A tablespace_map file exists in the data directory that is extracted using base.tar.gz after step 2:

$ cat /pgdata/tablespace_map
16575 /data_tblspc
16576 /index_tblspc

So, each of these tablespaces must be extracted to the directories mentioned in the tablespace_map file:

$ tar xzf 16575.tar.gz -C /data_tblspc
$ tar xzf 16576.tar.gz -C /index_tblspc

4. Extract the WAL segments generated during the backup to the pg_wal directory:

$ tar xzf pg_wal.tar.gz -C /pgdata/pg_wal

5. Start PostgreSQL using the data directory restored using the backup:

$ pg_ctl -D /pgdata start

How it works

In Step 1, we are creating a directory that needs to be considered a data directory or a target directory for the restore task.

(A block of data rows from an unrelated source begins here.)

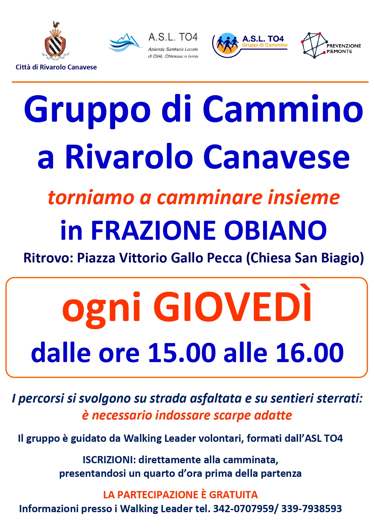 Ritrovo tutti i giovedì alle ore 15,00 in Frazione Obiano - Piazza Vittorio Gallo Pecca, presso la Chiesa di San Biagio. La camminata si svolge dalle 15.00 alle 16.00.
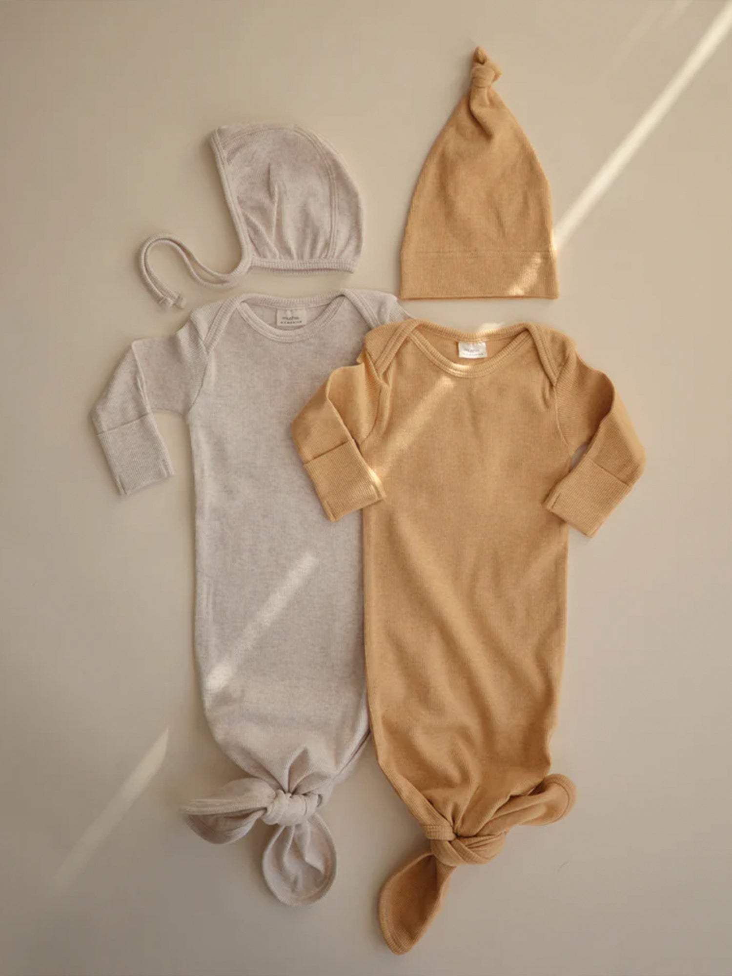 • GORRO CON NUDO ALGODÓN ORGÁNICO MUSTARD Mushie KIDSME
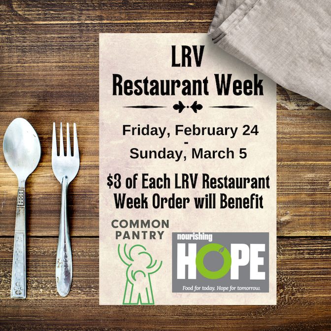 Dining guests may enjoy the choice of any small plate, large plate and dessert for $45 per person. Three dollars from the price of each prix fixe will be donated to Common Pantry and Nourishing Hope.

And then proceed to Step 2 by extracting the base.tar.gz file to the target directory.

As seen in step 3, we use the tablespace mapping to extract the tablespace contents to the same locations. If the locations need to be modified, it can be done by just modifying the tablespace_map file manually and adding the new locations for each tablespace.

And we then proceed to step 4 to extract the WAL segments to the pg_wal directory of the target directory. Once all four steps are successfully completed, we can proceed to start the database cluster using the backup as seen in step 5.